Rate this post
August 29, 2022 @ 17:53 +03:00
Brent is hovering around $100, a psychologically crucial round level. However, it would be a mistake to call it a lull. In our view, the current equilibrium could break at any moment, as geopolitics is now working for the bulls, while the economy, monetary policy, and technical market analysis are on the bears’ side.
Oil is performing better than the market, thanks to unexpected comments from Saudi Arabia about its willingness to cut production when the world is suffering from energy shortages.
This was a clear signal that OPEC continues to target historically high oil prices, preferring not to fight for market share as it did in 2014. Back then, however, Saudi Arabia had to compete for the market with the rapidly gaining US and Russian production. The latter has now moved into the lame duck category, where a 5-15% drop in output over the next 12 months would be excellent news.
The United States is clearly failing to seize the initiative and start aggressively ramping up its production. According to figures published on Friday evening from Baker Hughes, the number of working rigs rose by three last week to 765, of which 605 (+4 for the week) produce oil. However, we saw a much higher production growth rate in 2009 and 2016, even though the world was by no means suffering from an energy crisis at the time.

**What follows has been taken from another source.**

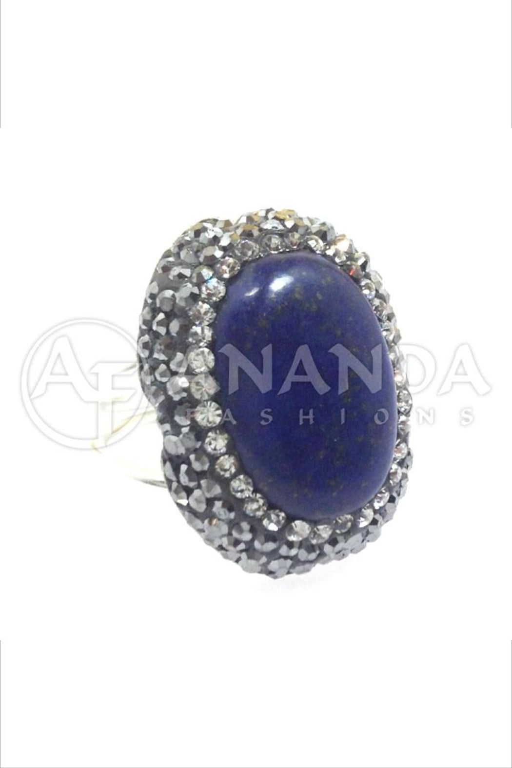 Handcrafted 925 Silver Ring with Lapis Lazuli, Hematite and Swarovski Crystals. Size adjustable. Rhodium overlay.

At the same time, the technical picture does not yet allow for a recovery of the bullish rally. WTI fell under the 200 SMA at the beginning of August, and despite the bullish comments of OPEC, it did not manage to go back above that level.
The price managed to bounce back from the August lows to levels of 76.4% from the June lows, which fits into the traditional retracement pattern.
The oil market is now focused on the upcoming OPEC meeting on September 5, where the cartel will discuss production quotas after September. CME’s OPEC+ Watch Tool indicates that markets are laying down an 18.7% chance of production cuts, creating a potential selling overhang if these forecasts do not materialise.
In addition, we need to pay attention to the continuing deterioration in GDP growth forecasts for the global economy and Europe’s drive to save energy. Over the medium to long term, economics invariably emerges as the winner compared to geopolitics. And now, the situation is shaping up for where the fight reaches intensity, followed by a turning point. The next few days will likely determine the trend for many months.